タイルカーペットは製品の特徴上、形状は正方形であっても貼る方向があって、その向きによって同じ製品であっても見映えは少し変わってきます。
これは柄がある製品であれば当然のことですけど、柄がない単色の製品であってもやっぱり貼る方向によって見え方は違います。

最終的に完成した建物をどのように見せるのかを考えるのが設計者の仕事。
なので、どのようにタイルカーペットを貼るのか、つまり最終的に床をどのように見せるのかを考えるのは設計者の仕事ということになります。

一般的な納め方としては、製品を交互に貼っていく「市松貼り」が多く採用されますが、流し貼りを好む設計者が多く、なかなか見映えも良いので捨てがたいところです。
あとは施工する部屋のグレードとか、タイルカーペット自体のグレードなども考慮して、どんな貼り方にするかを決める。

前回まででそんな話をしてきましたが、タイルカーペットの貼り方についてはこのあたりを意識しておけば大体OKだと思います。

あとは同じグレードの製品の中で、色が違うものをアクセントとして採用したり、大きく2系統の色に分けたり、ある程度ランダムに貼ったりなど。
設計者のアイデア次第で貼り方は色々な可能性を秘めていますので、部屋の用途にあわせた設計をしていきましょう。

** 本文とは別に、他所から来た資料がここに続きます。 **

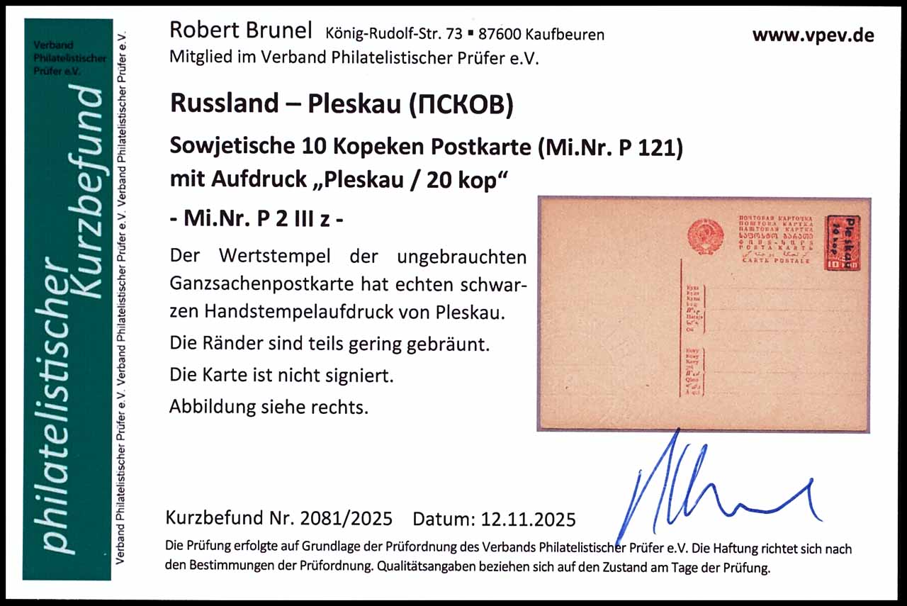 10 Kopeken Ganzsachenkarte mit schwarzem Aufdruck " Pleskau 20 kop", ungebraucht, Ränder teilweise etwas gebräunt, Fotobefund Robert Brunel VP (2025)

ということで、タイルカーペットの貼り方についての話は、そろそろ終わりにしておきます。
今回はタイルカーペットのグレードにつて考えてみることにします。

■タイルカーペットのグレード

床仕上材として、タイルカーペットはどのくらいのグレードなのか。
タイルカーペットという大きなくくりの中には様々な価格帯があるので、その中で具体的どんな商品を選択するのかによって大きく変わってくる、というのが正直なところ。

だから一概に「こんなグレードです」とは言いにくい部分がありますが、ごく一般的なグレードの製品で考えた場合はどうなのか。
平均的なグレードで比較した場合、床仕上材としてタイルカーペットは、ビニル床タイルよりもやや高いくらいのグレード感ではないかと思います。

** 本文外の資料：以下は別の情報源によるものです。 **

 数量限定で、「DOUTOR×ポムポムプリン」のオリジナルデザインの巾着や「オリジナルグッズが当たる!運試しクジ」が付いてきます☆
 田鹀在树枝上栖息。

床塩ビシートやビニル床タイルよりもグレードは高く、例えば石とかタイルなどに比べるとグレード感は低い、という感じの床仕上材です。
例えば事務室でOAフロアを採用する場合、OAフロアの上にどのような床仕上材を貼っていくかということになりますが…

結局「後ではがせること」が条件になるため、候補としてはタイルカーペットかビニル床タイルの二択ということになります。
そこで床仕上材としてビニル床タイルを選定する部屋であれば、それは完全にスタッフゾーンみたいなイメージになる。

だけど同じ事務室でも床仕上げ材がタイルカーペットになっていると、お客さんが訪問するような事務室かも知れないな、と感じます。
もちろんこれは私の個人的なイメージでしかありませんが、そんなニュアンスの違いが床仕上材のグレードを表しているんじゃないかと思います。

タイルカーペットの柄や厚みなどによるグレードは色々で、スタンダードタイプの見映えはそこまで高級感がある訳ではないですけど、それでも見た目は悪くないです。
ホテルなどで使われるタイルカーペットには、やはりそれなりのグレードを感じさせる製品が採用されたりします。

■採用される施設

タイルカーペットを採用するような建物の種類としては、先程も書きましたがホテルとか、あとはオフィスビルなどが多くなっています。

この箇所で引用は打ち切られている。